- Problem statement -
Your answer must be the lines from the first record through the line that contains "锐龙9 8940HX +", copied exactly and without any pictures.

::: Data shown

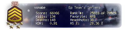 | Kill-streak | 7 | Death-streak | 8 | Team Kills | 0 |
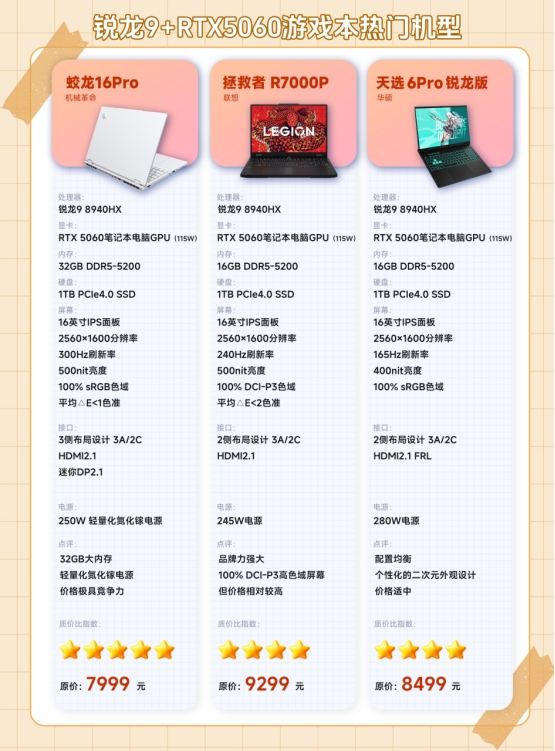 年终购物季,正是为你的游戏阵容挑选一位得力“拍档”的好时机。如果你已将目标锁定在 锐龙9 8940HX + RTX 5060这一性能与价格平衡的黄金组合上,那么机械革命蛟龙16 Pro、联想拯救者R7000P和华硕天选6 Pro 锐龙版这三款热门机型,很可能就是你正在斟酌的选项。它们核心性能相当,却各有鲜明的个性取向。下面,我们将通过清晰的对比与场景化分析,帮你做出最明智的选择。
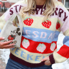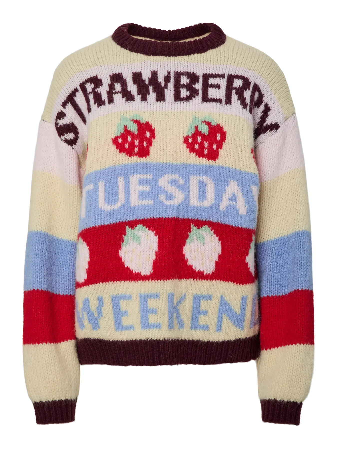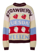 Deze PC Bikka LS Oneck Knit is een speelse en kleurrijke trui die direct een vrolijke noot aan je garderobe toevoegt. De trui is uitgevoerd in een uniek design met verschillende kleurvlakken en patronen, waaronder rode aardbeien en de teksten "STRAWBERRY", "TUESDAY" en "WEEKEND". Het gebreide ontwerp heeft een klassieke ronde hals en lange mouwen, wat zorgt voor een comfortabele en opvallende uitstraling voor elke dag.
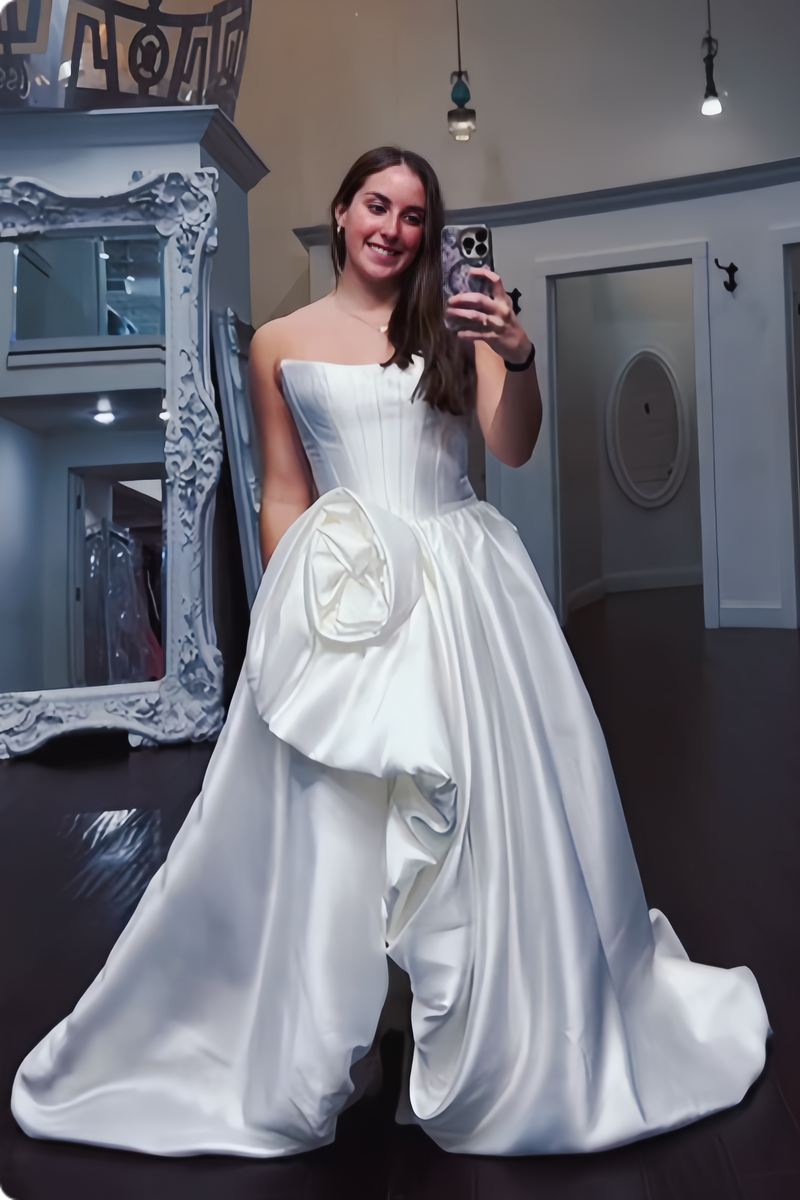 Strapless Fuchsia Ruched Satin Long Prom Dress with Bow
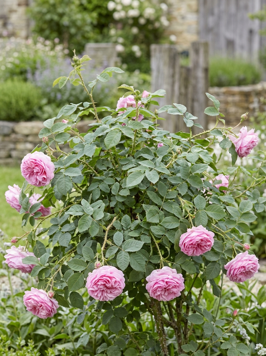 Rosa x centifolia' is een sterk geurende mosroos van voor 1318 met grote, goed gevulde komvormige roze bloemen. Heeft een licht overhangende groeiwijze.
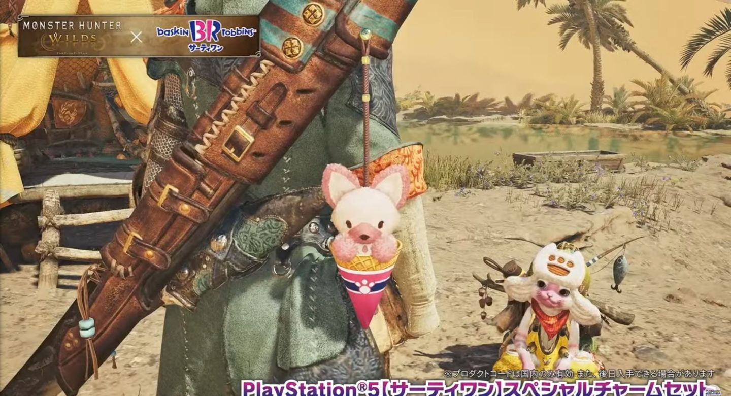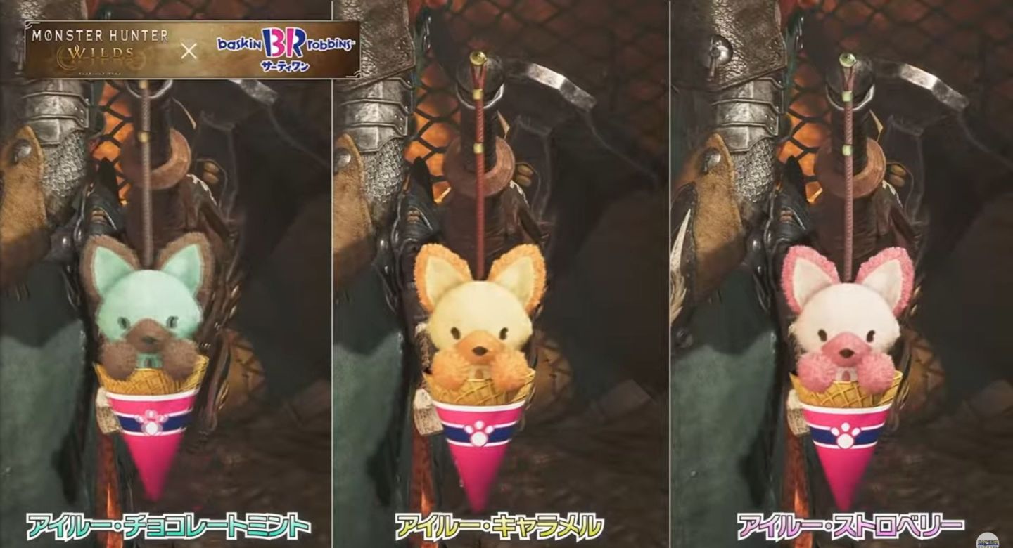 為慶祝最新作品《魔物獵人 荒野》即將在 2/28 狩獵解禁,與31冰淇淋推出了合作商品,將附有造型壓克力鑰匙圈與原創湯匙,以及可獲得 PS5 版「31 特別裝飾品」的產品代碼,輸入後可獲得特別飾物(共三款),可用在獵人武器或騎乘生物鷺鷹龍上,所有口味都以艾路的外型為基礎設計成可愛的造型。
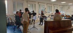Les instruments de musique d’un bagad coûtant cher, les élèves s’entraînent, dans un premier temps, à l’aide d’un practice et des instruments mis à disposition par le collège.
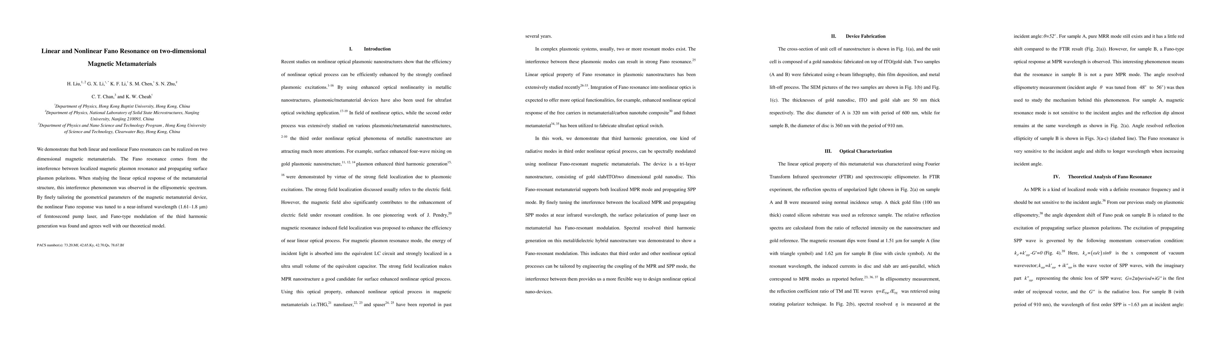 This paper demonstrates linear and nonlinear Fano resonances in two-dimensional magnetic metamaterials, resulting from interference between localized magnetic plasmon resonance and propagating surface plasmon polaritons. Nonlinear Fano response was tuned to near-infrared wavelengths and correlated with third harmonic generation, corroborated by theoretical modeling.
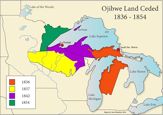 Lands ceded by the Ojibwe, 1836–1854.In the late 1840s and early 1850s, the Lake Superior Ojibwe argued for permanent homes within the so-called “ceded territory” of northern Wisconsin and Michigan. This included trips to Washington DC in 1849 and 1852. During this time, the Ojibwe were told that they had to move west into the “unceded territory” of northern Minnesota. But, the Ojibwe wished to remain living on their homeland just as they had been promised they could during the La Pointe Treaty of 1842.
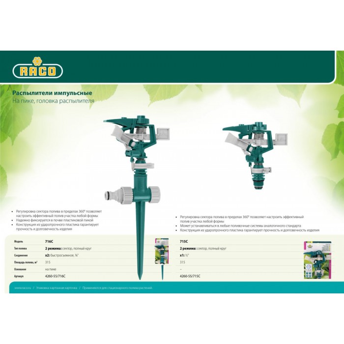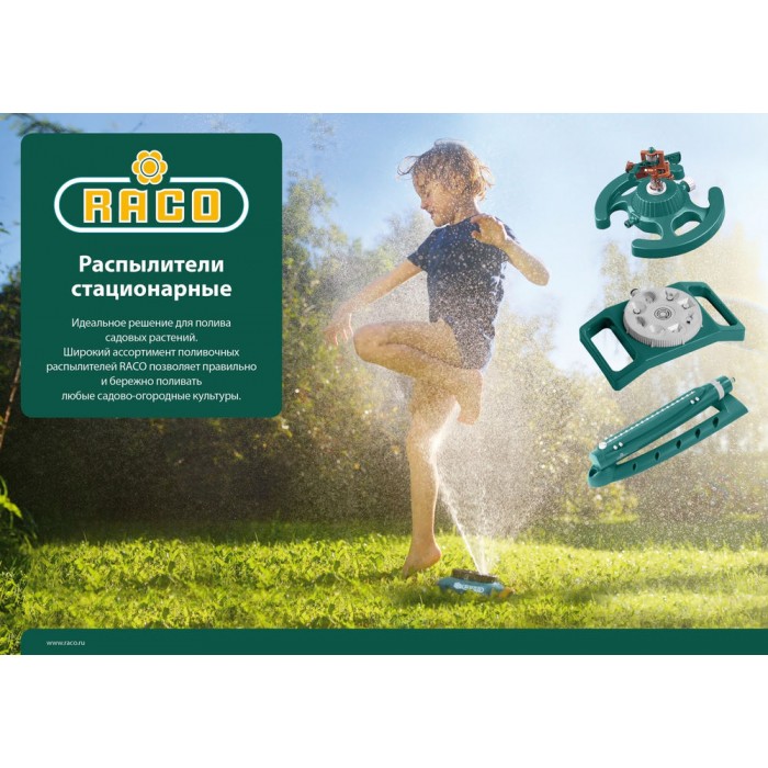 Стационарные распылители RACO обладают высоким уровнем качества, изготовлены из качественных материалов. Надёжны в работе, служат долго, исключительно удобны в использовании. Обеспечивают простое и качественное подключение к поливочной системе. Широкий ассортимент моделей для всех видов полива.

::::::

- Response box -
 | Kill-streak | 7 | Death-streak | 8 | Team Kills | 0 |
 年终购物季,正是为你的游戏阵容挑选一位得力“拍档”的好时机。如果你已将目标锁定在 锐龙9 8940HX + RTX 5060这一性能与价格平衡的黄金组合上,那么机械革命蛟龙16 Pro、联想拯救者R7000P和华硕天选6 Pro 锐龙版这三款热门机型,很可能就是你正在斟酌的选项。它们核心性能相当,却各有鲜明的个性取向。下面,我们将通过清晰的对比与场景化分析,帮你做出最明智的选择。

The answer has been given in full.